## DATASET CONTENT
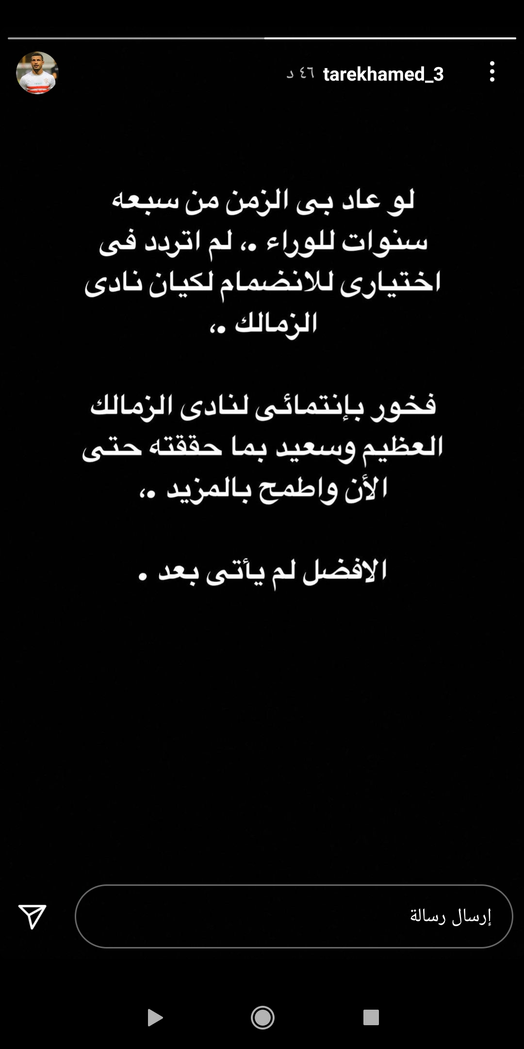 وكتب طارق حامد عبر الاستوري الخاص به على حسابه “انستجرام” : “لو عاد بي الزمن من سبعة سنوات للوراء، لم اتردد في الاختيار للانضمام لكيان نادي الزمالك”.
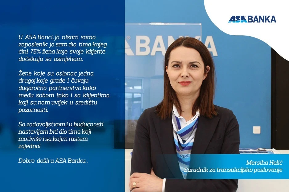 "Svjesni smo činjenice da su inkluzija i rodna ravnopravnost značajni faktori održivog poslovanja. Svojim djelovanjem, koje uključuje integritet, transparentnost i otvorenost, proaktivnost, timski rad i istrajnost, gradimo zdravo radno okruženje. Kontinuirano smo posvećeni uspostavljanju kvalitetnog odnosa s klijentima i jačanju domaćeg tržišta", ističe Hanifa Vuković, direktorica Sektora za upravljanje ljudskim resursima ASA Banke.
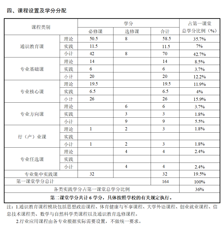 本专业最低毕业学分:第一课堂164学分,第二课堂6学分。
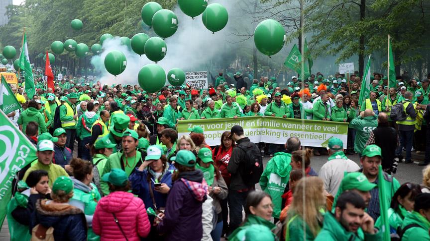 Belçika'da grev yapan kamu çalışanları, hükümet karşıtı gösteri düzenledi.

## ASSIGNMENT
Retype exactly, please, the span from the line holding "本专业最低毕业学分:第一课堂164学分,第二课堂6学分。" through the closing line of the data, both ends included, without the pictures.

## RESPONSE
 本专业最低毕业学分:第一课堂164学分,第二课堂6学分。
 Belçika'da grev yapan kamu çalışanları, hükümet karşıtı gösteri düzenledi.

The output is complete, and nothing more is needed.